James had been rudely awoken, and the continuous thuds prevent him from falling back asleep. He is too exhausted to do anything about it, so he lays in the bed and endures the irritating noise. 

The sound continues for close to an hour before he can fall back asleep.

9:30 am

Just as his eyes close and he slips back into a slumber, CRACK! A loud crashing sound reminiscent of someone dropping a heavy weight on the floor snaps him right out of it. The sound does not continue, so he is unaware that it had woken him. He falls back asleep. 

11:00 am

Piddle-piddle-thump-thump, piddle-piddle-thump-thump.

Thump-thump thump-thump. Thump-thump thump-thump. Piddle-piddle-thump-thump, piddle-piddle-thump-thump.
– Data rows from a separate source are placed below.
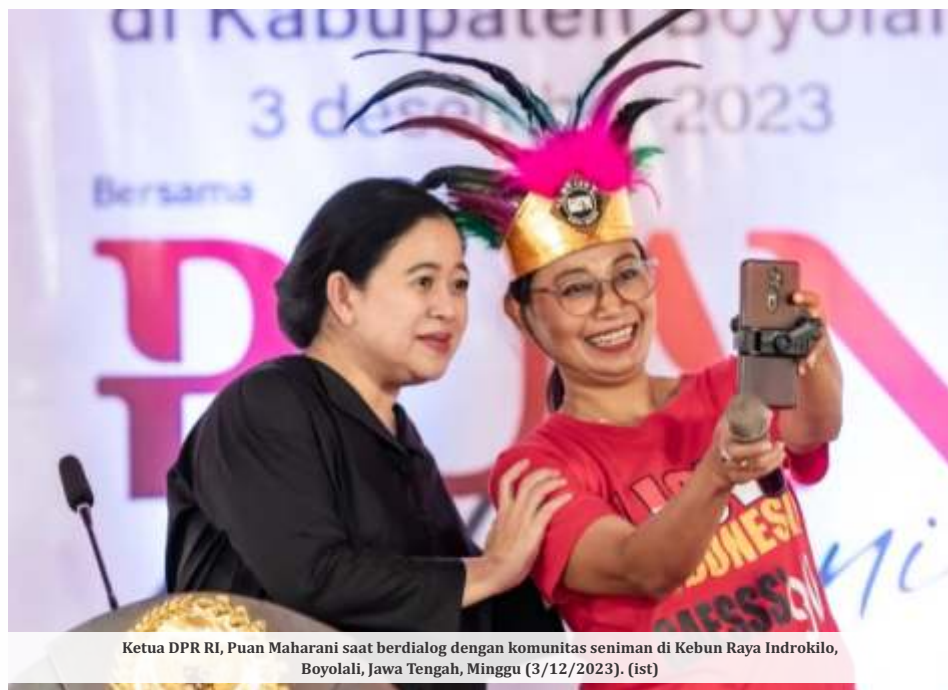
Ketua DPR RI, Puan Maharani saat berdialog dengan komunitas seniman di Kebun Raya Indrokilo, Boyolali, Jawa Tengah, Minggu (3/12/2023).

JAKARTA- Tagar #cawapres menjadi topik terpopuler di jagad sosial media setelah Komisi Pemilihan Umum (KPU) meniadakan debat khusus antar calon wakil presiden. Seperti diketahui, Komisi Pemilihan Umum (KPU) mengubah format Debat Cawapres pada gelaran Pilpres 2024.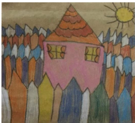
Slika 11. Dječji uradak (6 godina), prostorni tip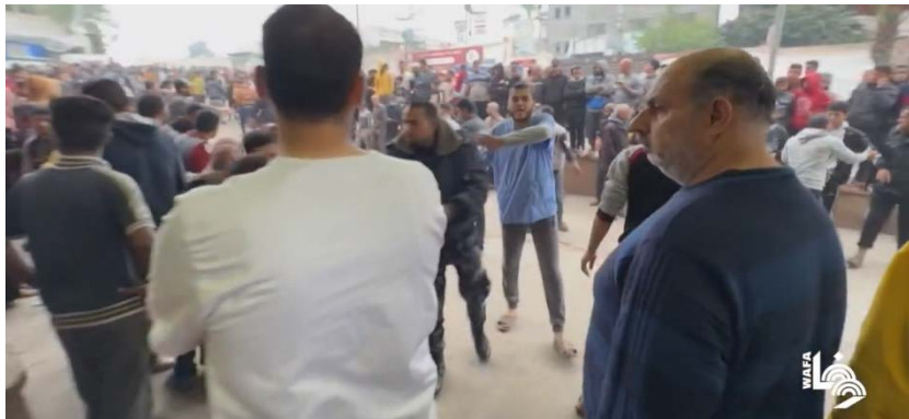
תושבים רבים מתגודדים בכניסה הראשית לבית חולים נאצר בח'אן יונס ואנשי משטרת חמאס מנסים להשליט סדר (ערוץ היוטיוב של ופא, 5 בדצמבר 2023)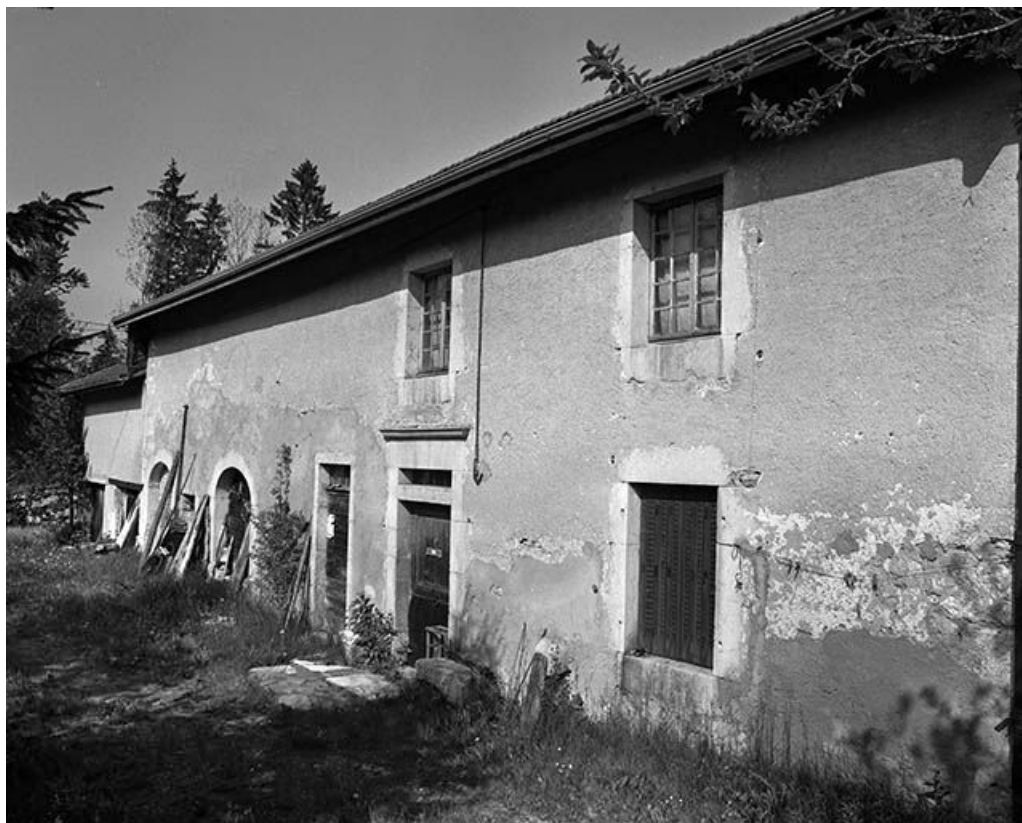
Façade antérieure vue de trois quarts droit.

39, Longchaumois, lieudit : les Baptallards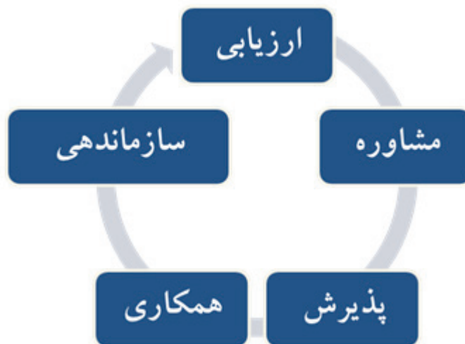
شکل ۱. الگوریتم مدل ۵آ

در اجرایی کردن اهداف آموزش بود. مرحله چهارم همکاری و توسعه برنامه عملی بود. و مرحله پنجم پیگیری بود، انجام شد، گروه مداخله تحت اجرای برنامه خود مدیریتی بر اساس روش ۵ آ در طی ۱۲ هفته از طریق ملاقات حضوری،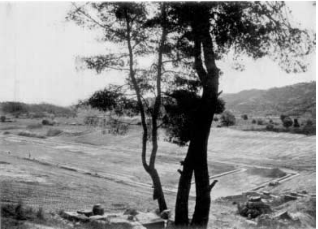
Olympie, avril 1961. Vues des travaux de l'excavation du stade ancien d'Olympie avant d'être terminés. On sait que ces travaux sont exécutés sous la direction du Prof. Dr Emil Kunze aux frais et par les soins de l'Institut archéologique allemand d'Athènes qui a bien voulu nous fournir ces photos qui sont de E. M. Czako.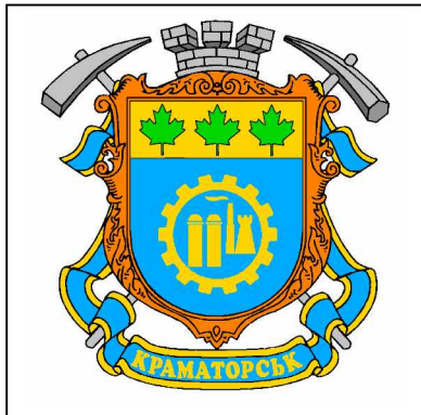
Великий герб територіальної громади м.Краматорська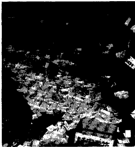
△役場での開票 午後七時半

投票率は八六・四％で、前回（八二・三五％）を四・〇五％上回りましたが、過疎のため投票者数は一六七人減の三、二五四人でした。 第十一投票区（東山冬期分校）では、女子十四人全員が投票し一〇〇％の成績となり、投票所別のトップは第七投票区（中尾集会所）の九三・九四％でした。 （当）君 健男 七二三、八五三票 坂上とみお 四五五、七四〇票 男 八六・六五％ 女 八六・一八％ 計 八六・四〇％ 県の得票数 有効投票数 三、二三二票 無効投票 二二票 投票総数 三、二五四票 投票率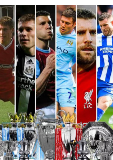
ዝኣብን ኣመገቢን ስታዲየም ወዲ 16 ዓመትን 356 መጻልታትን ከምሓውን ወዲ 39 ዓመትን 239 መጻልታት ኣገዛሎ ስታዲየም ሰማእታት።

ጎሳ፡ ክሰብ ምዘዘዘ ወቅቲ ኣብ 658 ግምት ፕሪሚየር ሊግ ብምጽዋቱ “ናይ ከሉ ማይ ተሰላፊ” ብምዃን ክብረ ወሰነ ሓቲ እዩ ጫማኡ ሰቂኩ ዘለ። ኣብ ታሪኽ ፕሪሚየር ሊግ ካልኢ ዝጸበን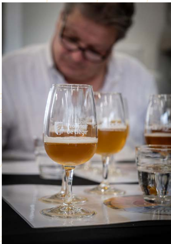
Concours des bières de la Province de Liège au CPFAR – 7 e édition

Les 4 critères analysés lors de la dégustation sont l' ap- parence (couleur de la mousse et de la robe, pétillance, caractéristiques de la robe), les arômes du nez (fleurs, fruits, épices, lactique, levures), la bouche et le corps (caractéristiques générales, corps de la bière, arrière- goût, erreurs) et les qualités techniques (absence de défauts, équilibre, plaisir).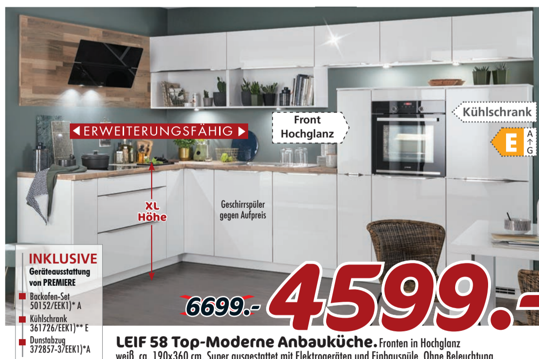
LEIF 58 Top-Moderne Anbauküche. Fronten in Hochglanz weiß, ca. 190x360 cm. Super ausgestattet mit Elektrogeräten und Einbauspüle. Ohne Beleuchtung.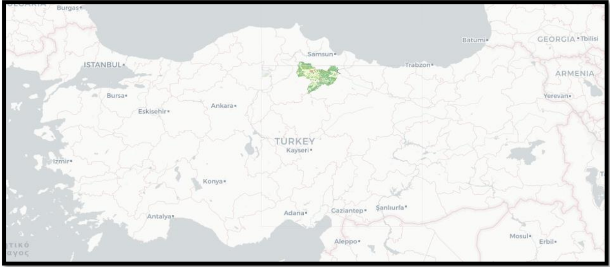
Şekil 1: Amasya İli 1/100.000 Ölçekli Çevre Düzeni Planı

Amasya İli 1/100.000 Ölçekli Çevre Düzeni Planı Amasya il sınırları içinde, planın amacına yönelik mekânsal kararlar, politika ve stratejileri içermektedir.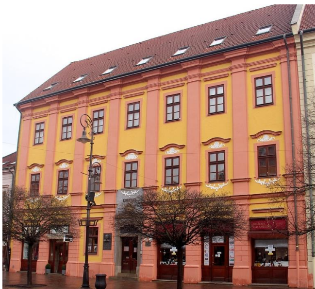
Budova niekdajšieho šľachtického konviktú v Košiciach na Hlavnej ulici č. 91

A series of what sounds like repetitive light thwacks and wallops radiates from the ceiling, waking James yet again. The patterned racket continues endlessly. He lays on the bed staring at the ceiling. He fantasizes about sliding a long carving knife deep into the heart of whoever is responsible for the sound. (I’d like to watch the life leave their fucking eyes as I plunge a freshly sharpened twelve-inch blade through their chest plate, puncturing the heart. I wouldn’t want to hit an artery; I want it to be slow so they can suffer for hours the way they are making me suffer. It sounds like someone sprinting back-and-forth. What is wrong with this person or people or whoever the fuck they are.)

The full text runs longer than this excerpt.